To start, set the bar on the Smith Machine to around shoulder height and then place a block underneath the bar (to stand on). Start with a lower weight than you think you’ll need (you can always add more later), then stand with the balls of your feet on the edge of the block and slowly raise the bar off the rack so you’re standing on your tiptoes. Gradually lower your heels towards the floor, before rising again towards the top. Try not to touch the floor with your heels, but dip as far down as you can and rise as high as you can in a controlled way. Do NOT bounce – it will do next to nothing for your muscles. The slower and more concentrated the contraction, the better. I always tend to aim for higher reps with my calves – around 15-25 reps at a time. But the main point is to always challenge yourself.
Honestly, I don’t actually deadlift half as much as I should or would like to. Again, there are such a variety of deadlifts to choose from that you could happily pick several and give your hamstrings, glutes and back a good workout. However, it’s one of those exercises where the right equipment is often taken, so I regularly substitute this for a straight-leg, single-leg dumbbell deadlift . But in this post, I’m going to concentrate on the regular deadlift.
There are lots of technique points to consider when performing a deadlift, all of which should be adhered to to prevent injury. As with any exercise, start with low weights and work up. Don’t launch in with 100kgs. To start, make sure your feet are positioned about a hip-width apart with your hands positioned just outside your legs in an overhand grip. Make sure you keep a neutral spine throughout – with your hips in line with your back and head. Hinge at the hips to reach the bar (stick your bottom out behind you) rather than squatting to reach the bar, then, as you raise the bar, keep it close to your legs throughout the movement, from your shins to your thighs to your hips.
Try and keep the motion as controlled as possible. Avoid rounding your shoulders when you pull the weight up, avoid jerking at the start of the rep and avoid bouncing the weight off the floor at the end of a rep (and for the sake of other gym-goers, where possible, please avoid dropping the bar when you’ve finished your set).
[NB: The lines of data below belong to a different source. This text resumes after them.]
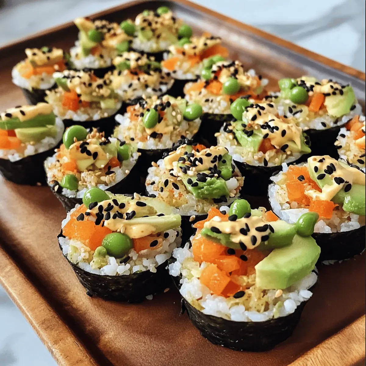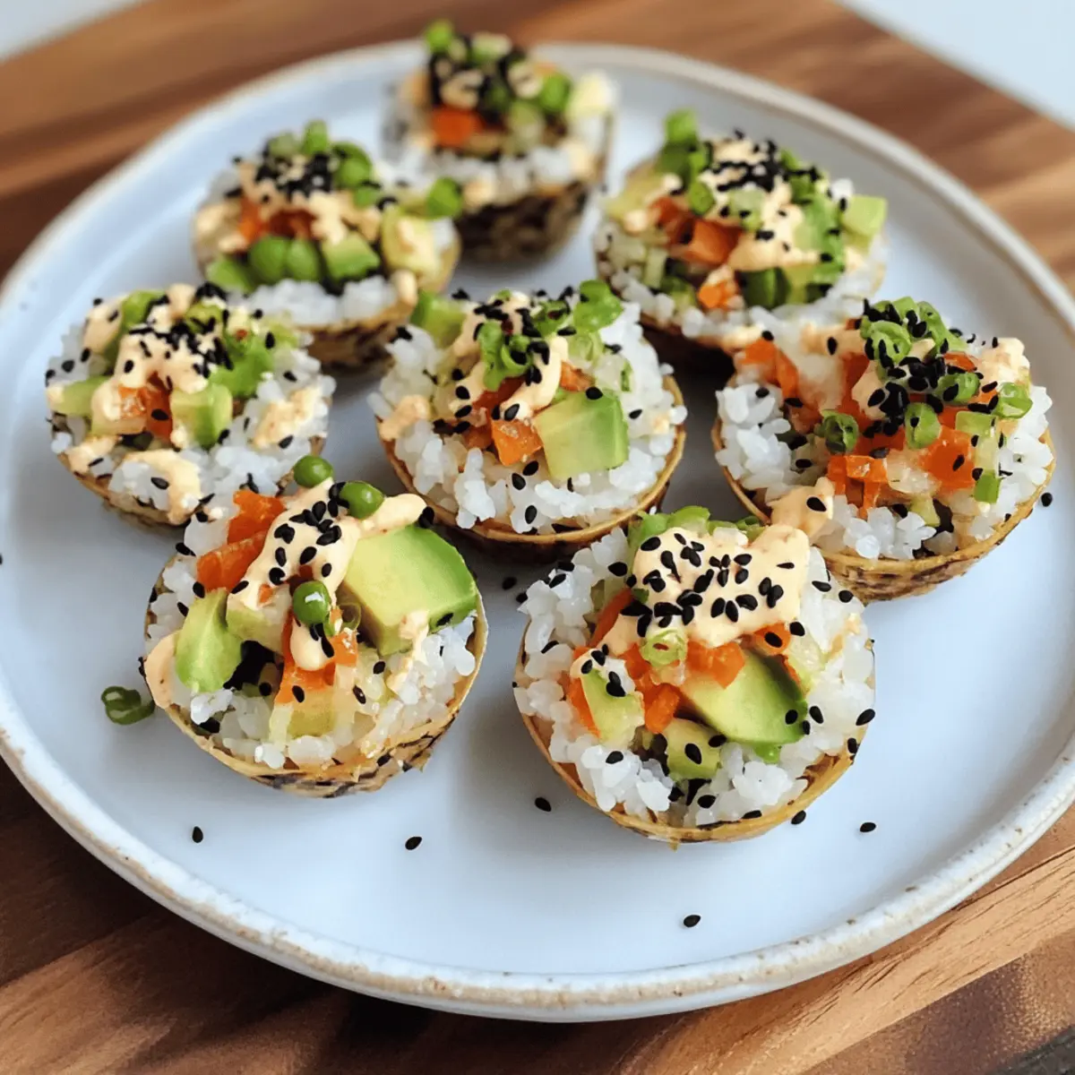 • Frische Kräuter: Verfeinere die Füllung mit frischen Kräutern wie Koriander oder Minze, um den Geschmack zu beleben. Das bringt ein zusätzliches Aroma in deine Sushi-Tassen.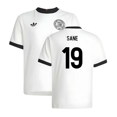 Official Leroy Sane football shirt. This is the NEW Germany 125th Anniversary Shirt - Kids which is manufactured by Adidas and is available in all Childrens sizes.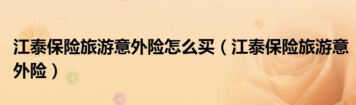 关于江泰保险旅游意外险怎么买,江泰保险旅游意外险这个很多人还不知道,今天菲菲来为大家解答以上的问题,现在让我们一起来看看吧!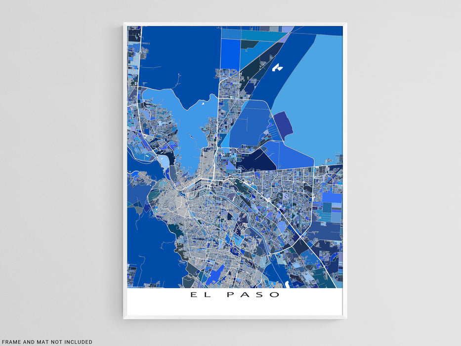 Discover the vibrant city of El Paso, TX with this unique map art print. With intricate details of city streets, water features, and thousands of blue shapes, this modern design will add a touch of interest to any living space or office. Available in a range of sizes from small prints to posters, celebrate your love for El Paso in style.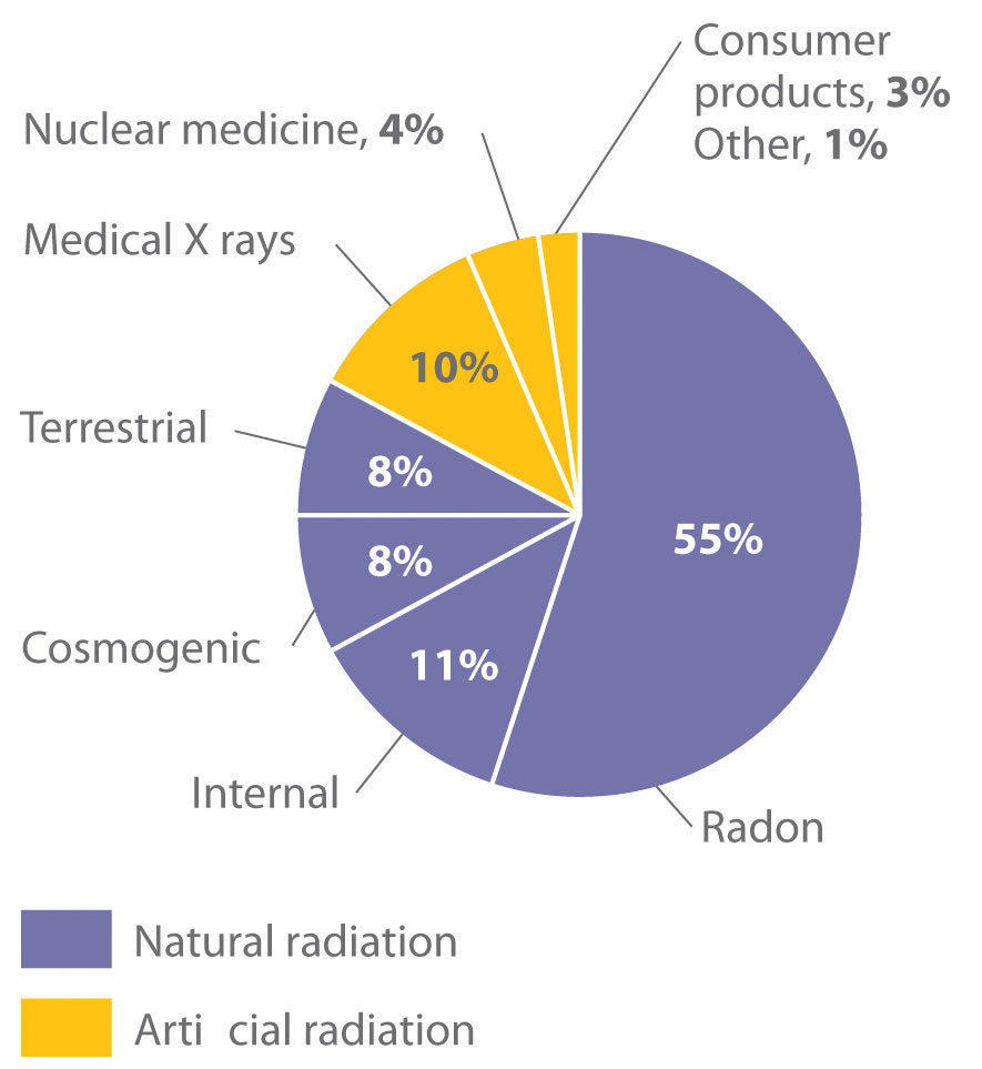 We are continuously exposed to measurable background radiation from a variety of natural sources, which, on average, is equal to about 150–600 mrem/yr (Figure 20.13 "The Radiation Exposure of a Typical Adult in the United States"). One component of background radiation is cosmic rays, high-energy particles and γ rays emitted by the sun and other stars, which bombard Earth continuously. Because cosmic rays are partially absorbed by the atmosphere before they reach Earth’s surface, the exposure of people living at sea level (about 30 mrem/yr) is significantly less than the exposure of people living at higher altitudes (about 50 mrem/yr in Denver, Colorado). Every 4 hours spent in an airplane at greater than 30,000 ft adds about 1 mrem to a person’s annual radiation exposure.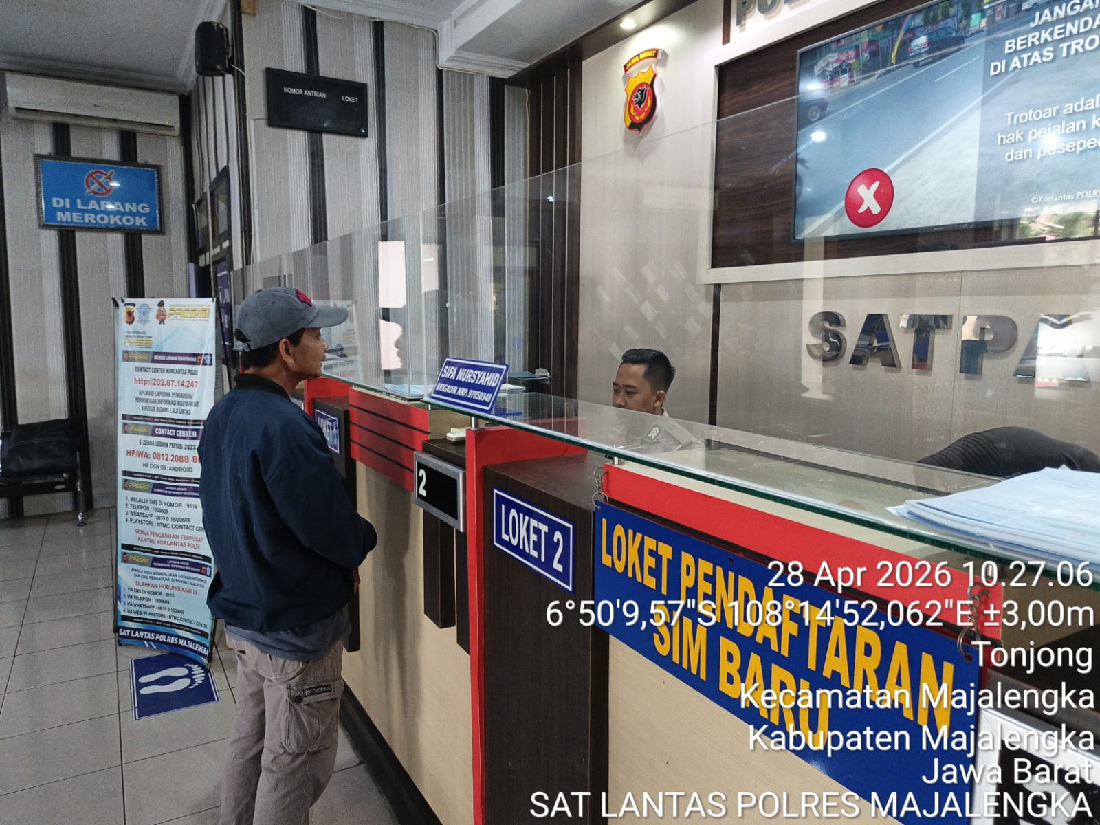 MAJALENGKA, HR — Satuan Lalu Lintas (Satlantas) Polres Majalengka terus meningkatkan pelayanan publik, khususnya dalam penerbitan Surat Izin Mengemudi (SIM). Pada Selasa (28/4/2026), petugas memberikan layanan pembuatan SIM baru dan perpanjangan di Kantor Satpas Polres Majalengka.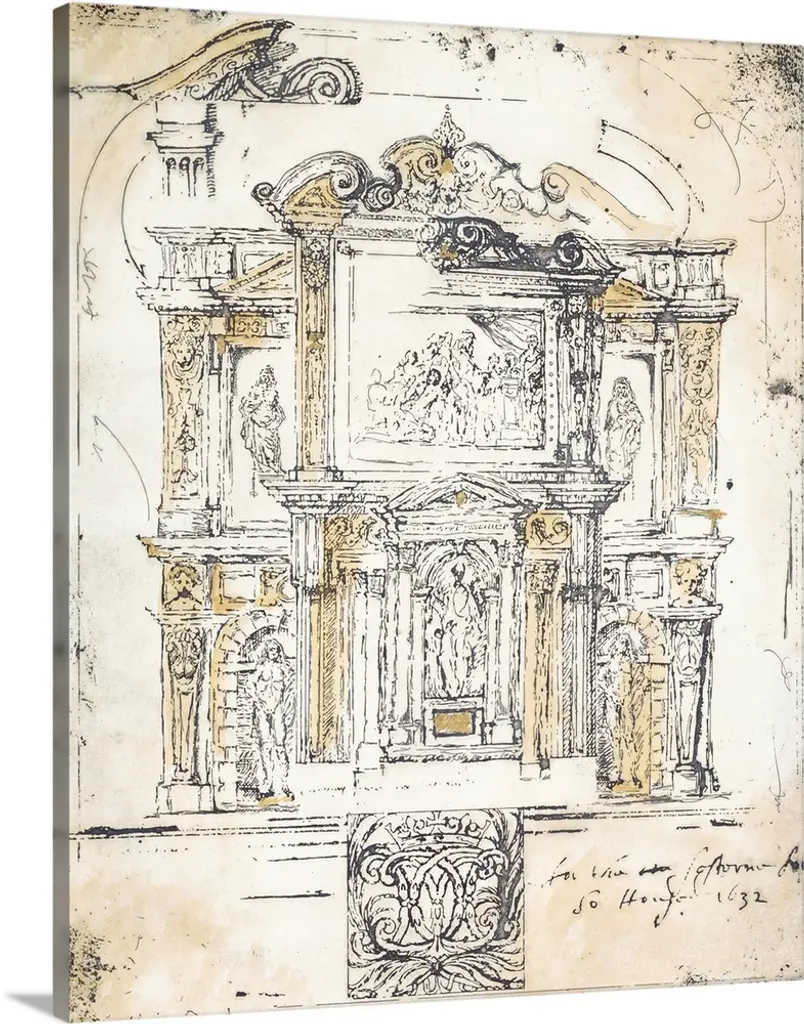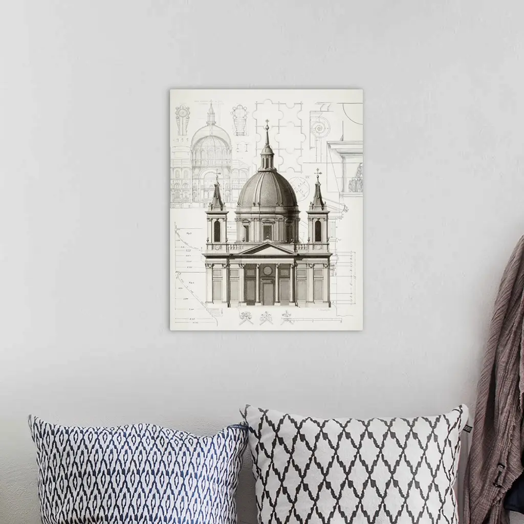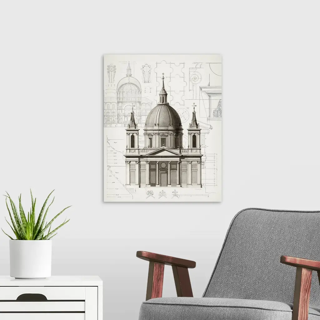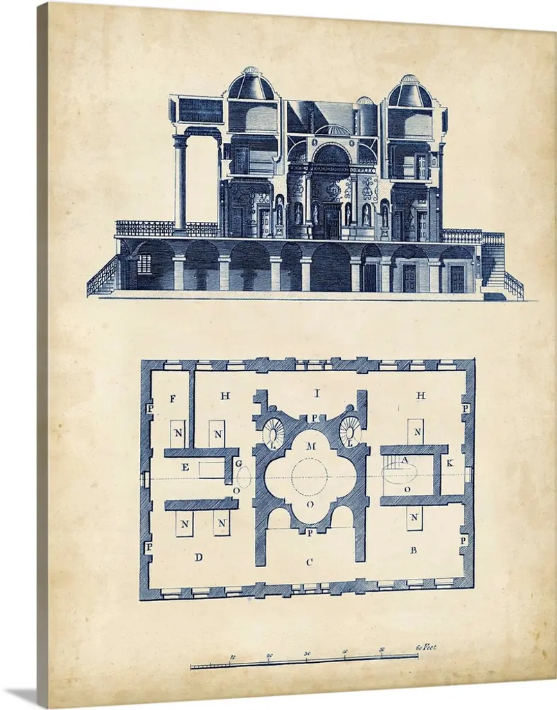 Black and white architectural illustration and blueprint with numbered measurements in the background.

Deadlifting really is a great exercise for working your whole posterior chain, however, technique is crucial. So if you’re still unsure, have a browse of YouTube and ask one of the personal trainers in your own gym for some pointers.
Watch: How to deadlift
*An eccentric contraction is the lengthening of a muscle – for example, when you lower a dumbbell during a bicep curl. The opposite of an eccentric contraction is a concentric contraction, when the muscle shortens.